Researching the sector resembles mountaineering in the 1950s when mountaineers had to first search where the mountain was before attempting to climb it. There are currently only a handful of companies in the pure educational business, of which everyone knows the coordinates.
But you will have to find the rest. Whether it is a textbook publisher who is planning to move up the value chain, or a renewable energy player thinking about leveraging the numerous schools he has adopted, there is an element of grey involved and you will have to use your sixth sense.
Many companies that address a small part of the education chain will genuinely restructure themselves to build sound businesses.
Markets are beginning to become accommodative in terms of awarding these companies stratospheric PEs. This will bring in a host of name changes as it happened in technology stocks, with education written all over the place to cash in on the craze.
But education is a serious and large business opportunity. With our population of 110 crore (1.1 billion), we should be the second largest market for education products and services.
However, our demographics are such that we have more people under the age of 20 than China. With the government's benchmark of spending about 5% of the GDP on education, this market may be more than $50 billion.
At the primary level, the teacher to taught ratio is around 40:1. Even countries like Chile and the Philippines have better ratios. Even if we were to match the ratio of Brazil, we'll have to double the number of teachers. These teachers will have to be trained first. As we move up, the ratio of the tutor to the taught gets better but the chasm between desired and the actual calibre of the teacher widens.

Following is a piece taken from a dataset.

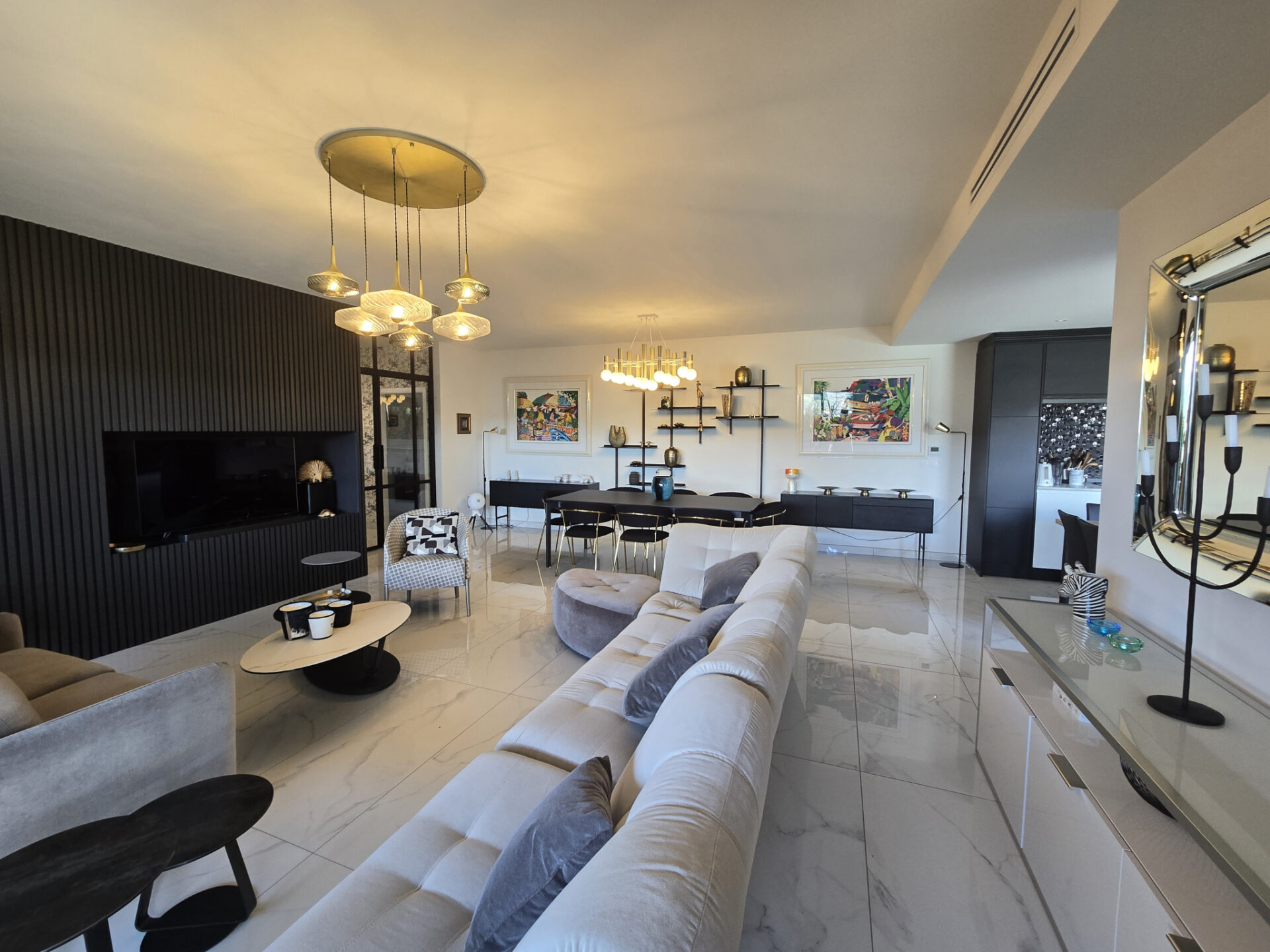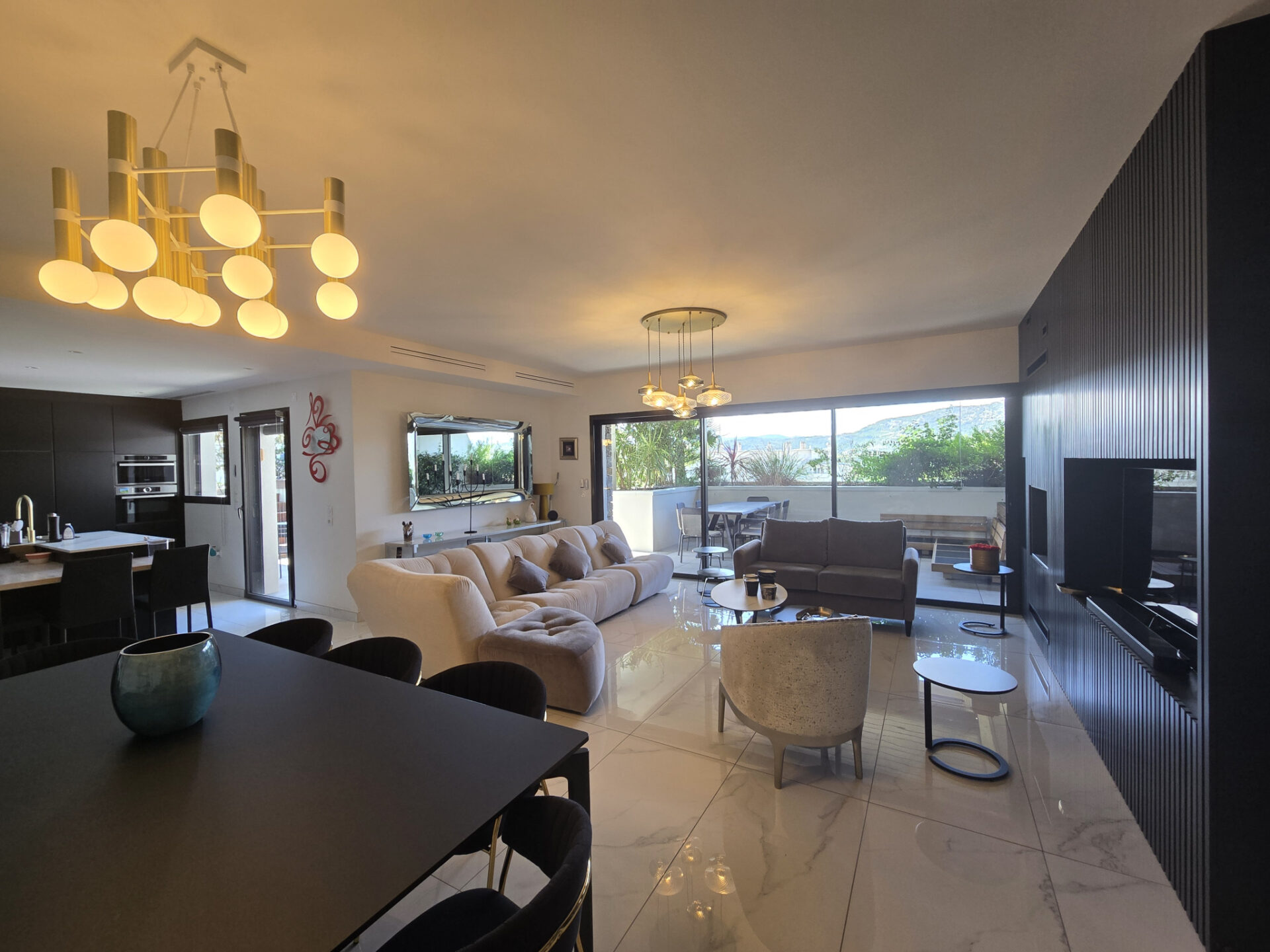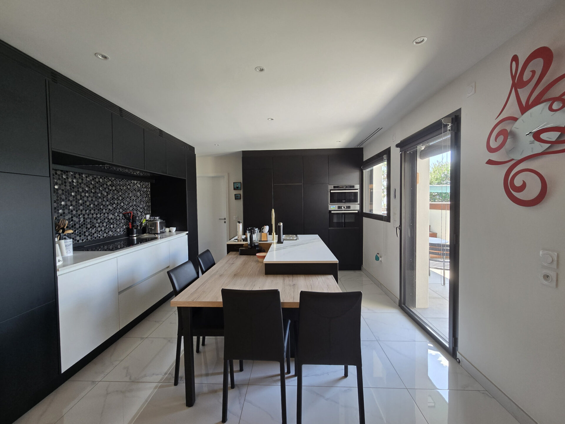 Un cadre de vie exceptionnel, espace de vie lumineux de 60 m2 avec cheminée contemporaine & cuisine intégrée.

While we produce more than 3 lakh (300, 000) IT graduates annually, they are not readily employable. According to Nasscom, not more than 15-25% of this crop is readily deployable.
Other industries like broking and insurance have to train people on the job resulting in longer lead times in making new recruits effective at work. Herein lies an opportunity. Companies that can bridge this gap and make them readily employable are sitting on a huge business proposition.
The long list of unemployed youth is a prospective gold mine. Companies can design training programmes keeping in mind contemporary corporate and social requirements.
A brokerage in the NCR was so enamoured by the success of its in-house training programme of fresh graduates that it set up a full-fledged division that now caters to the rigorous demands of the ever-changing financial services sector.
The sprawling campuses of universities are hardly used six months in a year and not more than 6-8 hours day. These could be better utlilised by allowing their use by the private sector.
This will lead to an increased student turnout and better maintenance of the premises. But the biggest fillip for the sector could come from the government, as sooner or later it would want to salvage the moribund system.